Nurture campaigns and follow-ups

Another place where you can take advantage of having an email manager available is in regard to your follow-ups. Instead of having an automated program responding to your emails for you (which is still an option), you can have an actual person write personalized email responses based on the templates you create. Even though it’s not you, your community gets to feel like they’re still connecting with you as a person, not you as a computer.

Hiring an email manager
Long-term benefits far outweigh short-term discomfort of hiring an email manager

The Benefits Of Having An Email Manager

I mentioned that having an email manager takes some getting used to. While that’s true, the long-term benefits far outweigh the short-term discomfort.

“How”, you ask? Here are three ways:

You get your time back.

You no longer have to expect that you’ll spend the majority of your day in your email. You can now use your email time actually accomplishing the tasks that the emails talk about. You may even be able to add in some other things that you haven’t had time to do.

You get relief from knowing that you aren’t missing things.
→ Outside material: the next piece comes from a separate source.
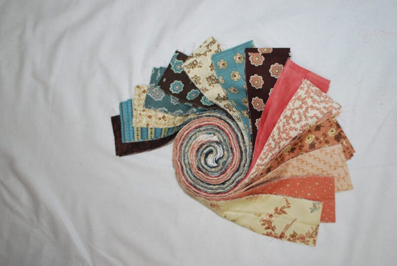 Country coral, brown and blue Jelly Roll 2.5" strips 42 pieces #7006

That feeling that you need to check your email every 20 minutes because you may have missed something important? A thing of the past. You can now pass that responsibility to your manager and be confident that they are checking everything for you. Only the most important items come past your ‘desk’, and you have the chance to be more efficient than ever as a result.

You get freedom.

Remember how you felt on the last day of school? The only thing between you and summer vacation was that bell. Once it rang, you knew you’d be able to focus fully on the things you wanted to do. No one could stop you… Except, maybe, parents who had other plans!

The freedom you get from hiring an email manager feels that same way. It puts you into a completely different frame of mind. It allows you to move your focus back to whatever you feel deserves your attention. I’m sure many of you have projects that you wish you could have started a long time ago, but email was holding you back. No more excuses!!


Email management is something everyone has to deal with. If you decide that you’d like to fix everything yourself, by all means, do that! Follow the steps in Option 1 and you’ll be well on your way to a better inbox. If Option 2 and hiring someone from InboxDone feels like the better choice for you, then go with that. In either case, remember to keep your focus on the priority: Minimizing your time in the inbox so you can maximize your output.

Anything you do will take time. If you create the right systems, though, the time that you put in at the beginning will pay for itself many times over. Then it’s up to you to decide what you’ll do with the extra breathing room. Find what works and stick with it – you’ll be glad you did!